- **Task to complete**
Exclude the images and transcribe the entries below precisely.

Records contained in a dataset:
# # #
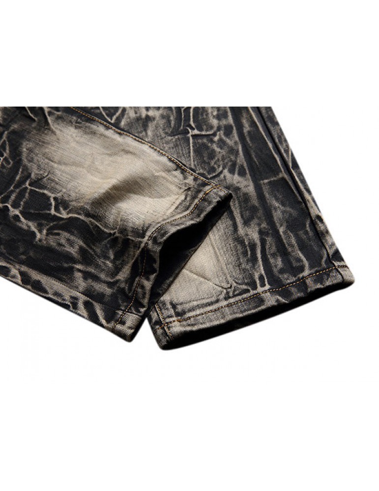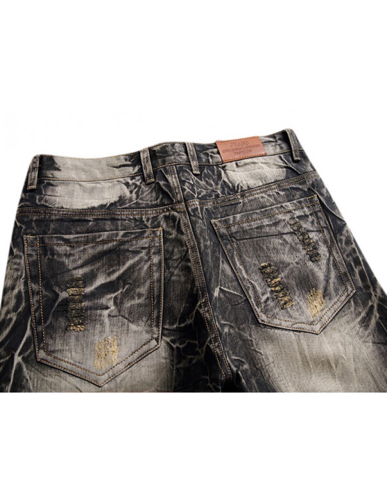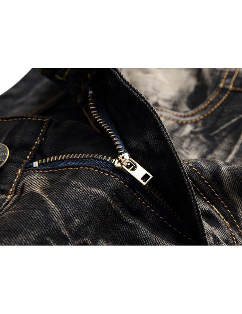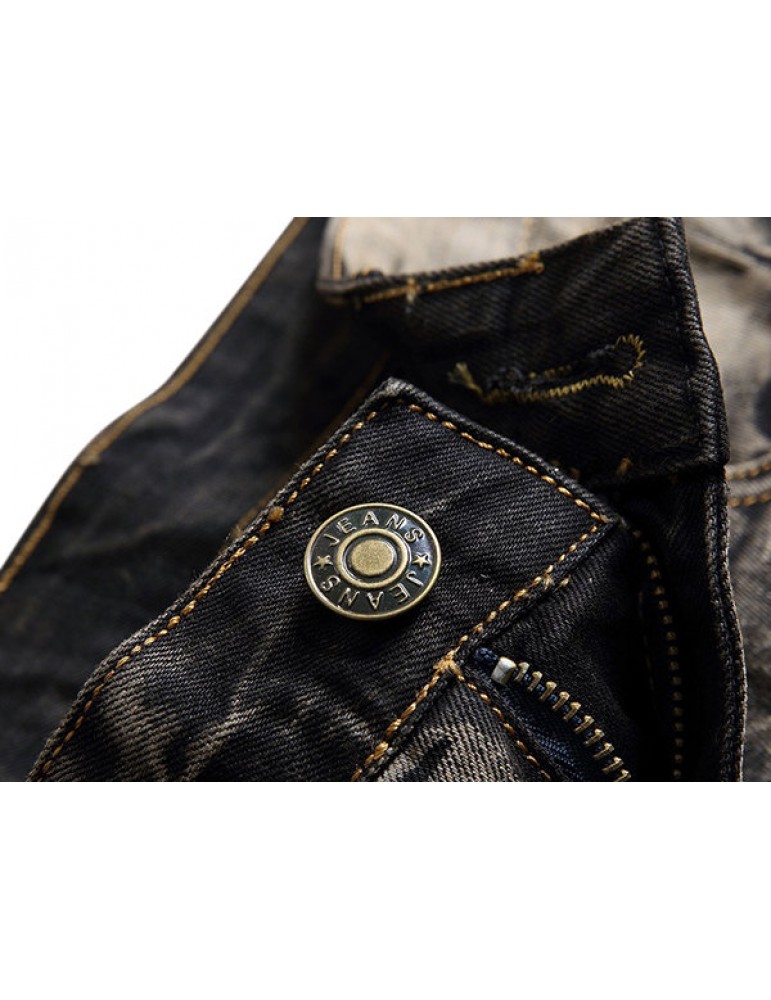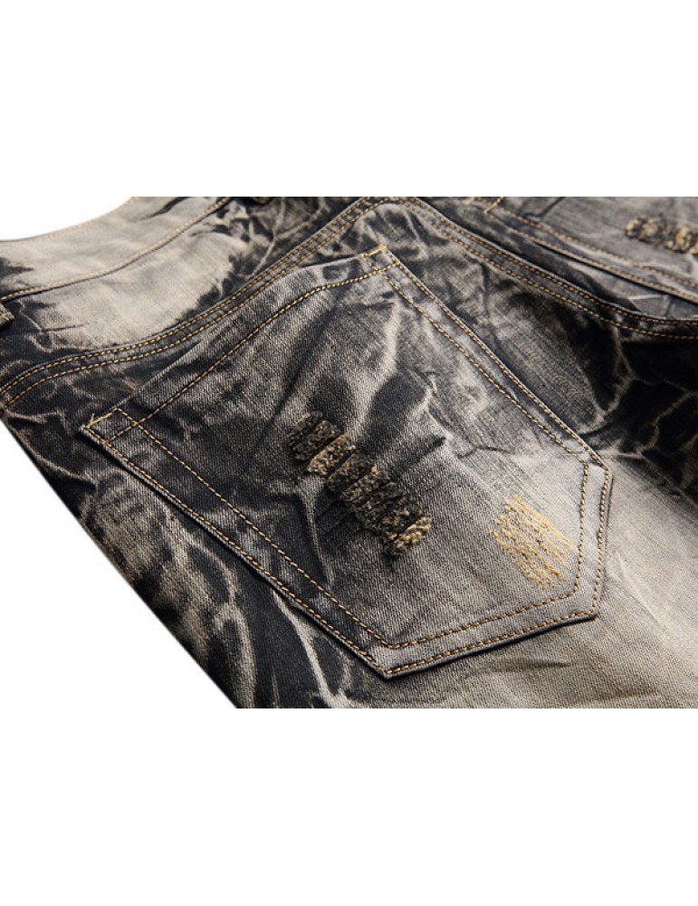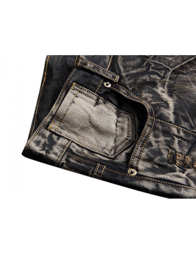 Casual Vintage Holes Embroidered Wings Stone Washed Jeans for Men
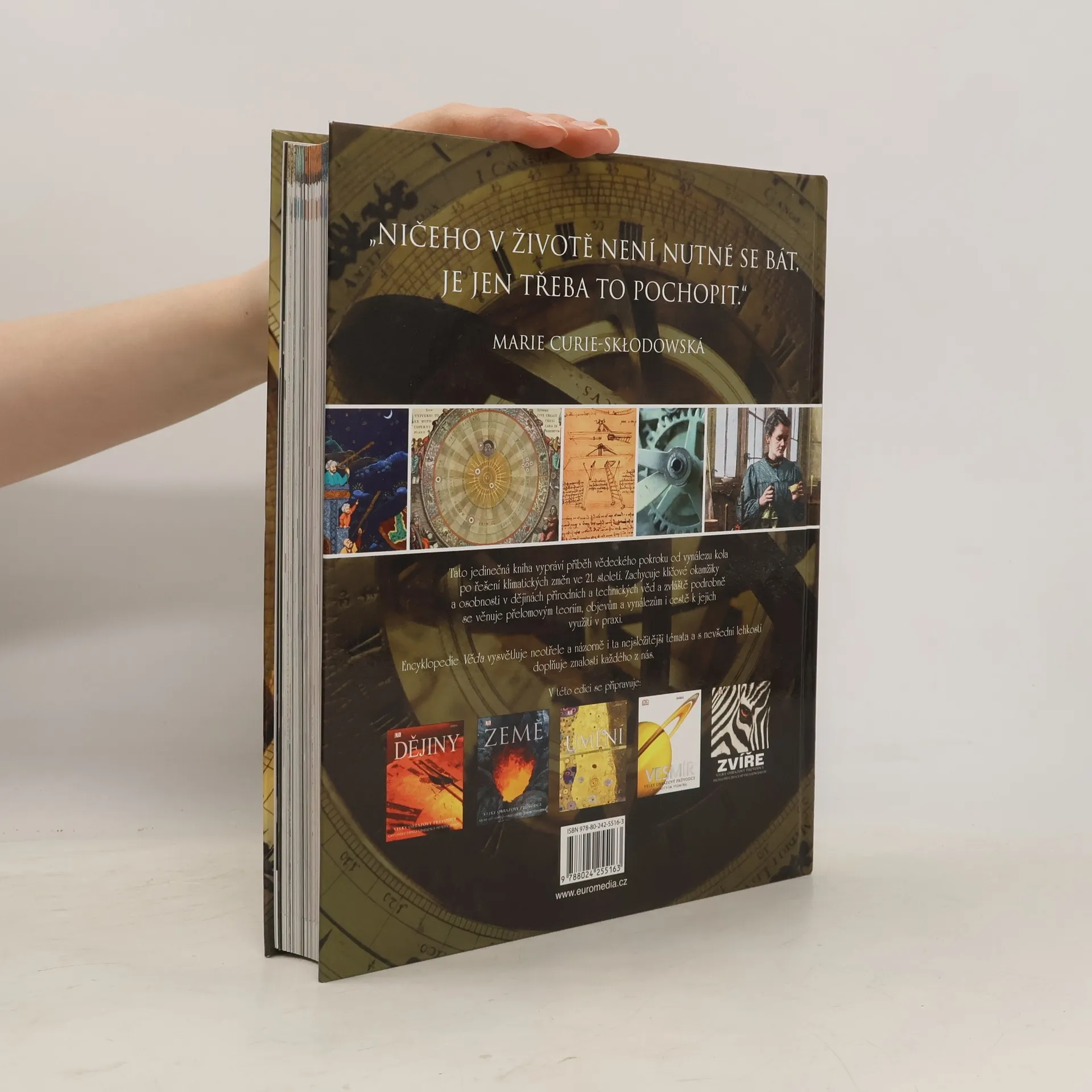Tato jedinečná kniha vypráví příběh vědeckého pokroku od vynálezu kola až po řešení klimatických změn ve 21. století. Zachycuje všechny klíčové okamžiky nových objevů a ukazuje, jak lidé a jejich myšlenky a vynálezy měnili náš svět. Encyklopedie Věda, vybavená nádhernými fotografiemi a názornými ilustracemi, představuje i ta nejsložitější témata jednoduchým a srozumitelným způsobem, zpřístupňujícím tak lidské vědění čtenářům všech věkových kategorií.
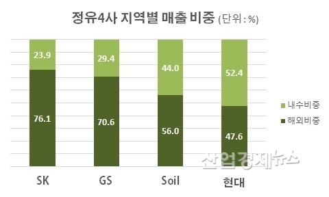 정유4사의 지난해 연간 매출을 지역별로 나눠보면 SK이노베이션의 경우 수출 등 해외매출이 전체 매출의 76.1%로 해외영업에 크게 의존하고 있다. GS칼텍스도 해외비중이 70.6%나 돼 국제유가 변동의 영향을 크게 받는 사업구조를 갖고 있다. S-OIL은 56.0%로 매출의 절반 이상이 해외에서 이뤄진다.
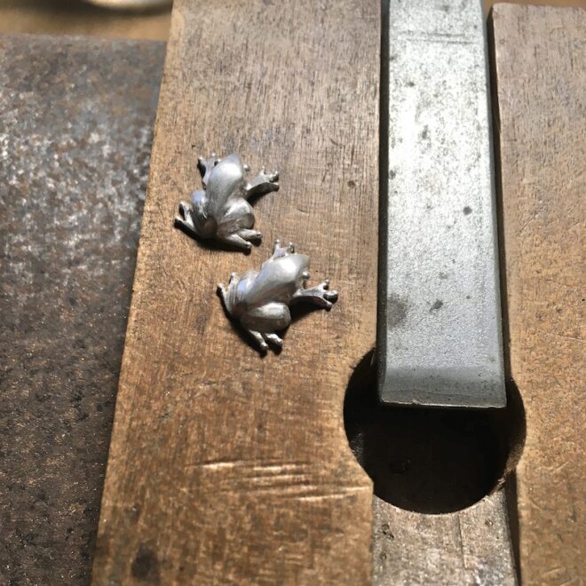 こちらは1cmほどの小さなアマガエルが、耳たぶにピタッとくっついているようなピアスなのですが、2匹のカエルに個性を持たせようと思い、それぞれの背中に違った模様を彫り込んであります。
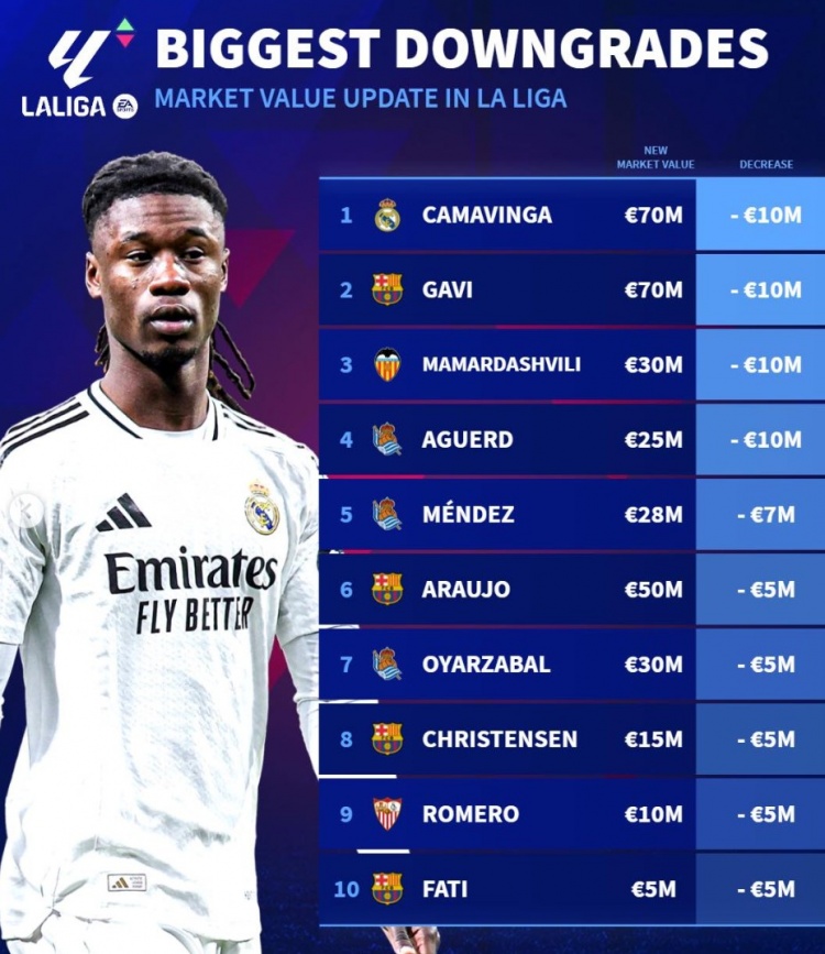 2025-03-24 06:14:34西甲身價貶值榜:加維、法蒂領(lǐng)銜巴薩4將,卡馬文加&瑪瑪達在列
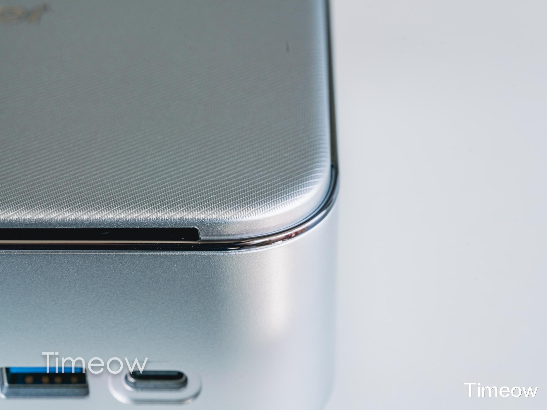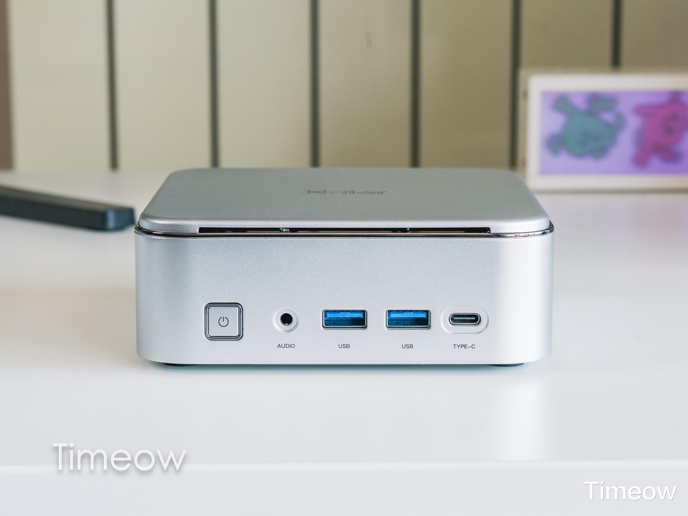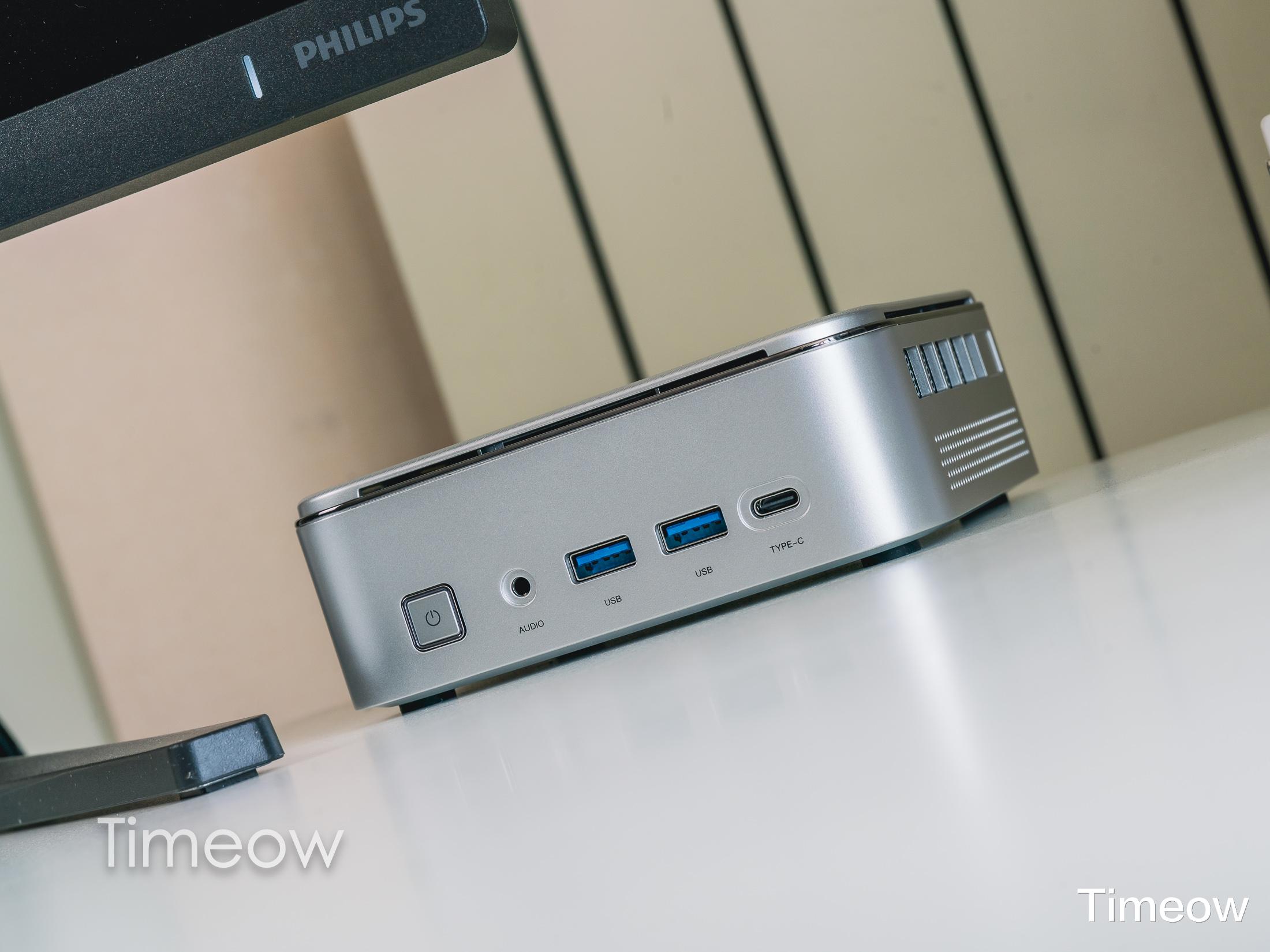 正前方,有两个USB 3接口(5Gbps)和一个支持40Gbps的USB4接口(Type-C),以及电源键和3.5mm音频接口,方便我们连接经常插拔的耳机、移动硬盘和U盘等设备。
# # #
- **Response area**
 Casual Vintage Holes Embroidered Wings Stone Washed Jeans for Men
Tato jedinečná kniha vypráví příběh vědeckého pokroku od vynálezu kola až po řešení klimatických změn ve 21. století. Zachycuje všechny klíčové okamžiky nových objevů a ukazuje, jak lidé a jejich myšlenky a vynálezy měnili náš svět. Encyklopedie Věda, vybavená nádhernými fotografiemi a názornými ilustracemi, představuje i ta nejsložitější témata jednoduchým a srozumitelným způsobem, zpřístupňujícím tak lidské vědění čtenářům všech věkových kategorií.
 정유4사의 지난해 연간 매출을 지역별로 나눠보면 SK이노베이션의 경우 수출 등 해외매출이 전체 매출의 76.1%로 해외영업에 크게 의존하고 있다. GS칼텍스도 해외비중이 70.6%나 돼 국제유가 변동의 영향을 크게 받는 사업구조를 갖고 있다. S-OIL은 56.0%로 매출의 절반 이상이 해외에서 이뤄진다.
 こちらは1cmほどの小さなアマガエルが、耳たぶにピタッとくっついているようなピアスなのですが、2匹のカエルに個性を持たせようと思い、それぞれの背中に違った模様を彫り込んであります。
 2025-03-24 06:14:34西甲身價貶值榜:加維、法蒂領(lǐng)銜巴薩4將,卡馬文加&瑪瑪達在列
 正前方,有两个USB 3接口(5Gbps)和一个支持40Gbps的USB4接口(Type-C),以及电源键和3.5mm音频接口,方便我们连接经常插拔的耳机、移动硬盘和U盘等设备。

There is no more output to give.